A pay and display machine is a type of ticket machine used for regulating parking in urban areas or in car parks. It relies on a customer purchasing a ticket from a machine and displaying the ticket on the dashboard, windscreen or passenger window of the vehicle. Details included on a printed ticket are generally the location and operator of the machine, expiry time, fee paid and time entered.

==Systems==
The first generation of pay and display machines in the United States was introduced in 1950 by Park-UR-Self, based in San Francisco, California.
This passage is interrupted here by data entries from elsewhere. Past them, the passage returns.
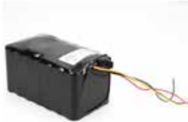
ACSCXXXCOPLITHXX010 Pack Lithium 10,4Ah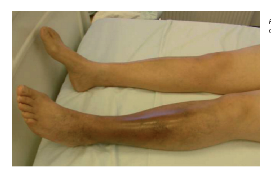
Figure 2. Edema, varicosities and skin discoloration of the patient's left calf.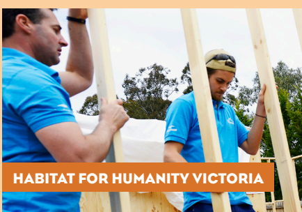
HABITAT FOR HUMANITY VICTORIA

Despite growing demand, the stock of public and community housing continues to decline as a proportion of all housing in Victoria. Public and community housing accounts for three per cent of all dwellings, down from four per cent in 2006.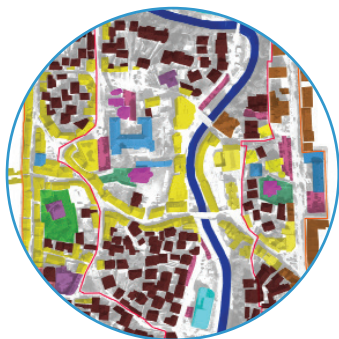
Space occupation diagnosis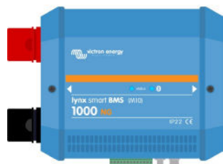
Lynx Smart BMS NG 500 A & 1000 A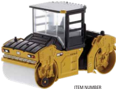
CAT® CB-13 TANDEM VIBRATORY ROLLER WITH CAB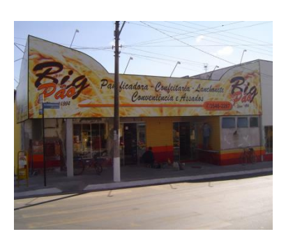
Figure 4: Big Pão: bakery (Ourinhos-SP)

Park-Ur-Self has grown to become the leading manufacturer of pay and display machines in the United States and now goes by the name Ventek International.

=== Pay and display ===
Pay and display systems differ from road-side parking meters in that one machine can service multiple vehicle spaces, resulting in lower set up costs. In addition, this system theoretically prevents drivers from taking advantage of parking meters that have time remaining; this factor alone has doubled parking revenues in cities that have switched to pay and display. A driver may occasionally take advantage of remaining time should a departing parker give away a ticket with remaining time. This can be prevented by putting the license plate number on the ticket.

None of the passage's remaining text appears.